Task details - Start at the line in the entries below that contains "Az Apartman 3", stop at the line that contains "White + Warren", and output exactly the lines in that span, both ends included.

Material for this exercise -
▼

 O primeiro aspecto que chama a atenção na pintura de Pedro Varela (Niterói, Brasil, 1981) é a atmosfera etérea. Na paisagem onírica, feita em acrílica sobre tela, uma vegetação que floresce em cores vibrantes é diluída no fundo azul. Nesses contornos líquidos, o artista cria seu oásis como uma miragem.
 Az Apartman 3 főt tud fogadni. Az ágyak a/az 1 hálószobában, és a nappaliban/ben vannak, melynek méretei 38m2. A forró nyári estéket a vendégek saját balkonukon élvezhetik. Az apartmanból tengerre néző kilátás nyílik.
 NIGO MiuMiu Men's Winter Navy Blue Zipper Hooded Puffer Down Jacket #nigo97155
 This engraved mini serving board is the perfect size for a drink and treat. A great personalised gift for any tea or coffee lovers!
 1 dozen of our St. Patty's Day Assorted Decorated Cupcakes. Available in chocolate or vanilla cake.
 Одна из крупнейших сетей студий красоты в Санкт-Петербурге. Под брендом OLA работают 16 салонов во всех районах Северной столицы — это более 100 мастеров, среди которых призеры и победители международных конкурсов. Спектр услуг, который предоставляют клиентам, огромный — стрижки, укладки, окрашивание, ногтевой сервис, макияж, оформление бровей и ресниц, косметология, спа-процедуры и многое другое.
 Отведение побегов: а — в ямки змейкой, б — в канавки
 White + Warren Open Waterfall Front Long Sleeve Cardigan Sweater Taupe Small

▲
▼

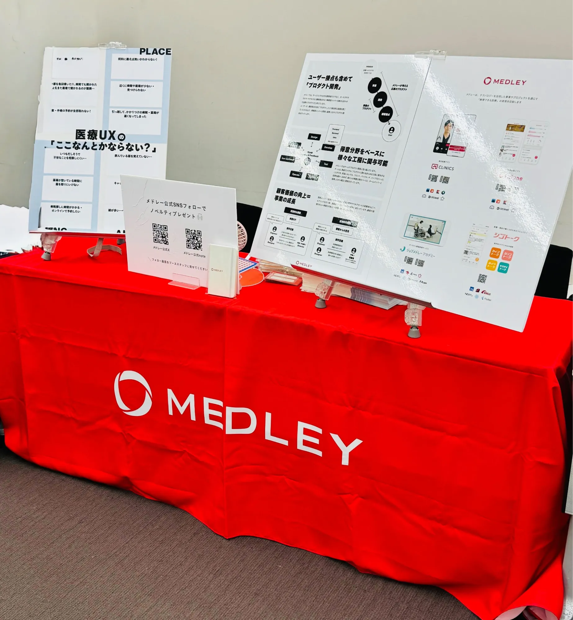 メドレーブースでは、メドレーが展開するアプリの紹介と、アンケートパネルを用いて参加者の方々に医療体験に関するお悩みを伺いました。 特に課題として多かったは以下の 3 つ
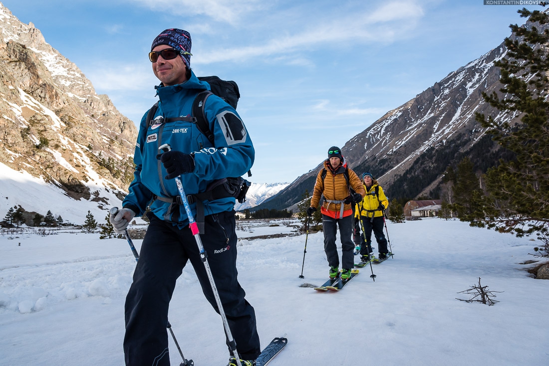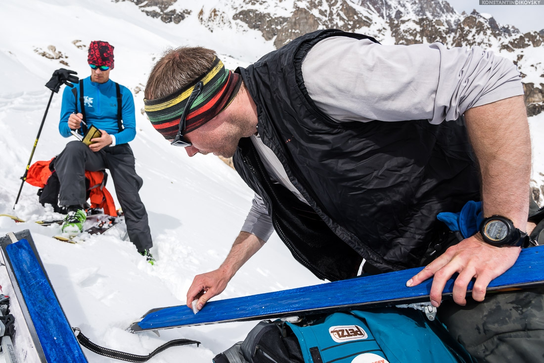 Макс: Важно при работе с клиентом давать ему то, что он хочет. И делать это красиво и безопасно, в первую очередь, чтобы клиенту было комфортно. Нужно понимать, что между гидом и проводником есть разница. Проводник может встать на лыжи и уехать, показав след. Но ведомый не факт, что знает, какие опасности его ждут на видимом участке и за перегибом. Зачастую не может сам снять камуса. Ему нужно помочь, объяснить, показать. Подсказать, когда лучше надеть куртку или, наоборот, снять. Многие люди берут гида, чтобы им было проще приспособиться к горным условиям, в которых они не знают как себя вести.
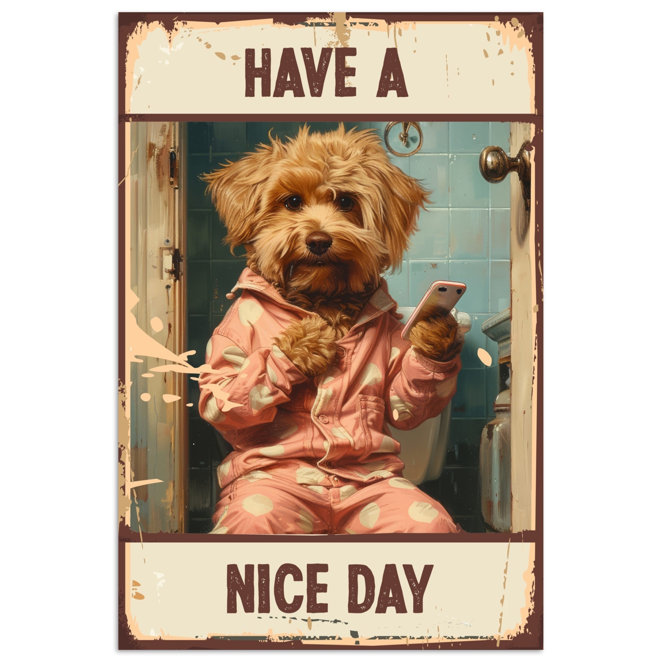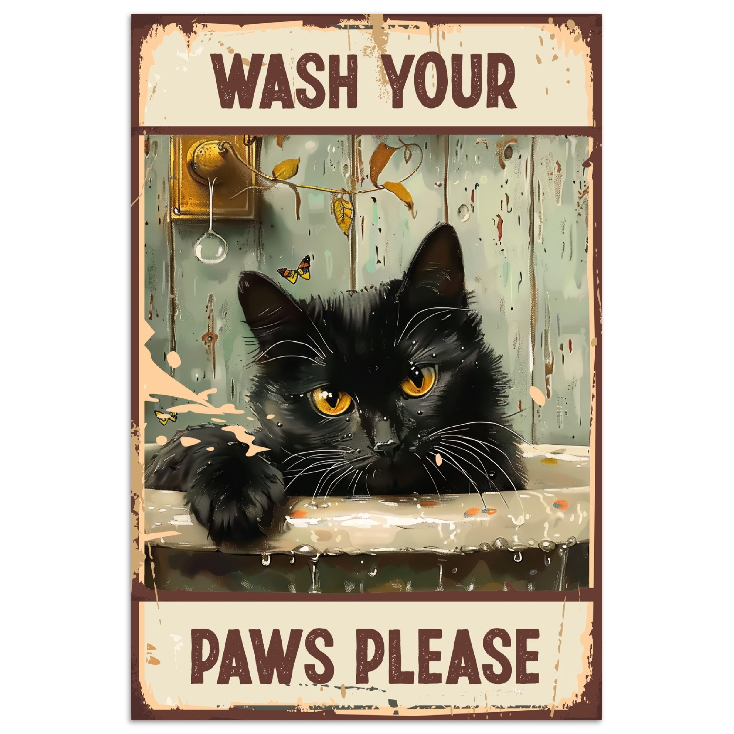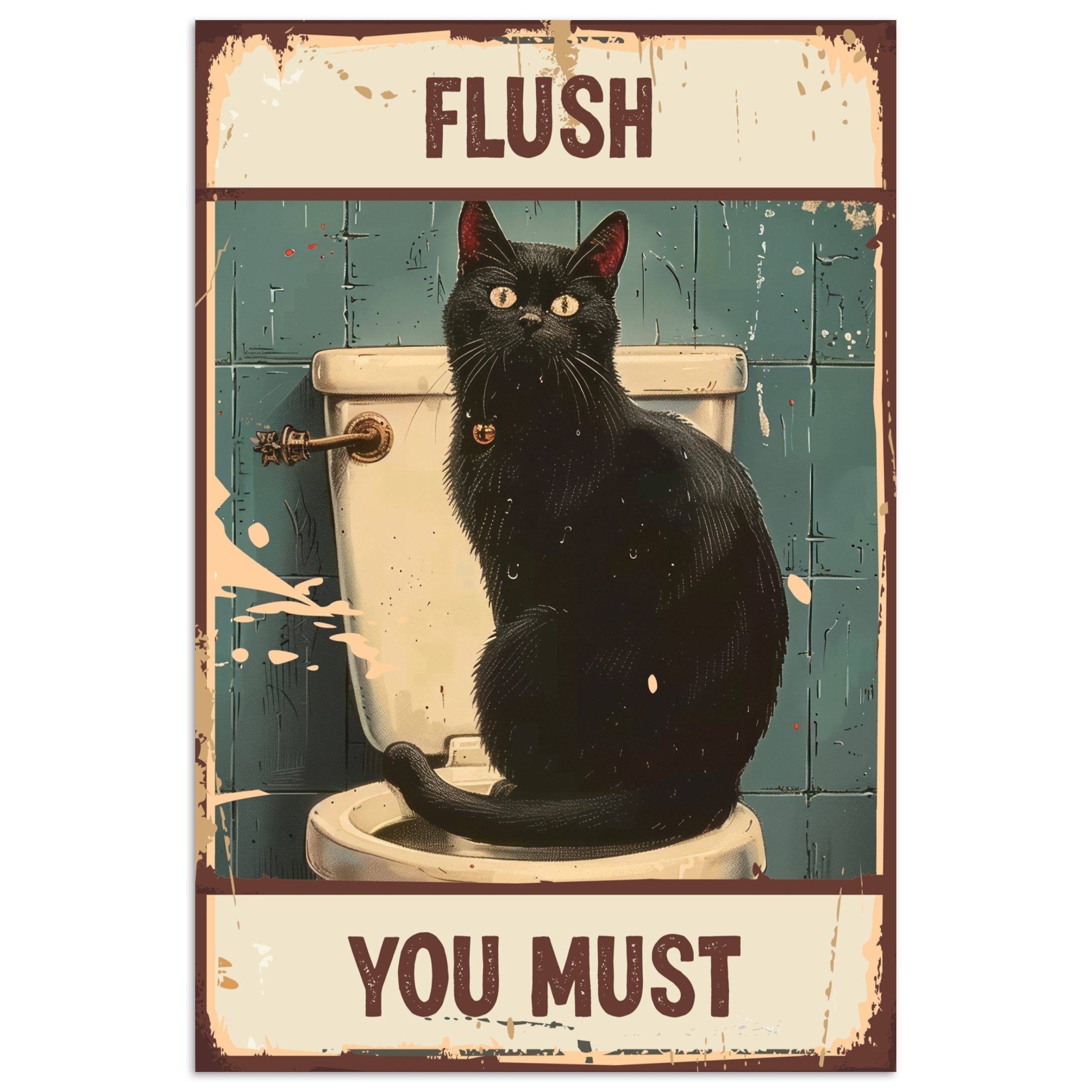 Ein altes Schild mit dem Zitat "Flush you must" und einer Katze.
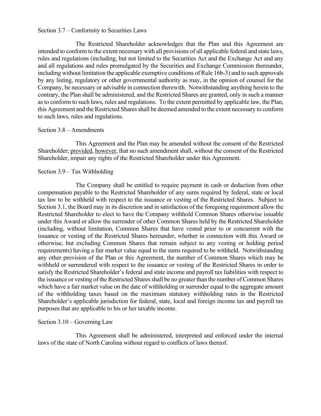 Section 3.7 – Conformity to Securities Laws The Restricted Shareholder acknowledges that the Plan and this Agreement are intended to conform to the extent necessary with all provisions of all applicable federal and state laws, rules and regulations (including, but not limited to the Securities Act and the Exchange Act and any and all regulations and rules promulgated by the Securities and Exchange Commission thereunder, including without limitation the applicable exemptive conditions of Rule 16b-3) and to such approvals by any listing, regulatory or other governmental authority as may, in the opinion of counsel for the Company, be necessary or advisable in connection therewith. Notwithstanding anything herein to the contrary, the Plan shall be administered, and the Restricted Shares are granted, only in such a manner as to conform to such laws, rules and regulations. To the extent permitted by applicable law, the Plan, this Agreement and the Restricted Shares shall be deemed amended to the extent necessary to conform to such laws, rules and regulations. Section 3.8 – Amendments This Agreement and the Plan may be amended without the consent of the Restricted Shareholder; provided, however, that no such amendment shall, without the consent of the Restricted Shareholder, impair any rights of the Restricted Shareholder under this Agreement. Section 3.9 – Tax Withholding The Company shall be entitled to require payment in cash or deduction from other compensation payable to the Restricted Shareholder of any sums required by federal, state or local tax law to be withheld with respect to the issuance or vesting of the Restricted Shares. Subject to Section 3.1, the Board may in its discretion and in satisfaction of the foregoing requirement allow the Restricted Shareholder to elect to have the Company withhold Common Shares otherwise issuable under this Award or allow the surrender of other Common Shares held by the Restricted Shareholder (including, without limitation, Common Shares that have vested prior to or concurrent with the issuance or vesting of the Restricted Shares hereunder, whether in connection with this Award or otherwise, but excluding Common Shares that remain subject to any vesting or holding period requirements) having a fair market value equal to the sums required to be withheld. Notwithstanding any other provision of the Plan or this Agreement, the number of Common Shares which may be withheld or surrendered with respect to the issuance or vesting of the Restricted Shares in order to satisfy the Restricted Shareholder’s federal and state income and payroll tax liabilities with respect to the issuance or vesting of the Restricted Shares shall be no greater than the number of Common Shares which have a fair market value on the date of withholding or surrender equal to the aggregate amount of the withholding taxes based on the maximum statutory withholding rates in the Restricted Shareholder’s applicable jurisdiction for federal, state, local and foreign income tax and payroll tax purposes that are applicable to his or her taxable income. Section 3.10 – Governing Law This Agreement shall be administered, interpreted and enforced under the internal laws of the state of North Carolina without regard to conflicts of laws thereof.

▲

Solution to this task -
 Az Apartman 3 főt tud fogadni. Az ágyak a/az 1 hálószobában, és a nappaliban/ben vannak, melynek méretei 38m2. A forró nyári estéket a vendégek saját balkonukon élvezhetik. Az apartmanból tengerre néző kilátás nyílik.
 NIGO MiuMiu Men's Winter Navy Blue Zipper Hooded Puffer Down Jacket #nigo97155
 This engraved mini serving board is the perfect size for a drink and treat. A great personalised gift for any tea or coffee lovers!
 1 dozen of our St. Patty's Day Assorted Decorated Cupcakes. Available in chocolate or vanilla cake.
 Одна из крупнейших сетей студий красоты в Санкт-Петербурге. Под брендом OLA работают 16 салонов во всех районах Северной столицы — это более 100 мастеров, среди которых призеры и победители международных конкурсов. Спектр услуг, который предоставляют клиентам, огромный — стрижки, укладки, окрашивание, ногтевой сервис, макияж, оформление бровей и ресниц, косметология, спа-процедуры и многое другое.
 Отведение побегов: а — в ямки змейкой, б — в канавки
 White + Warren Open Waterfall Front Long Sleeve Cardigan Sweater Taupe Small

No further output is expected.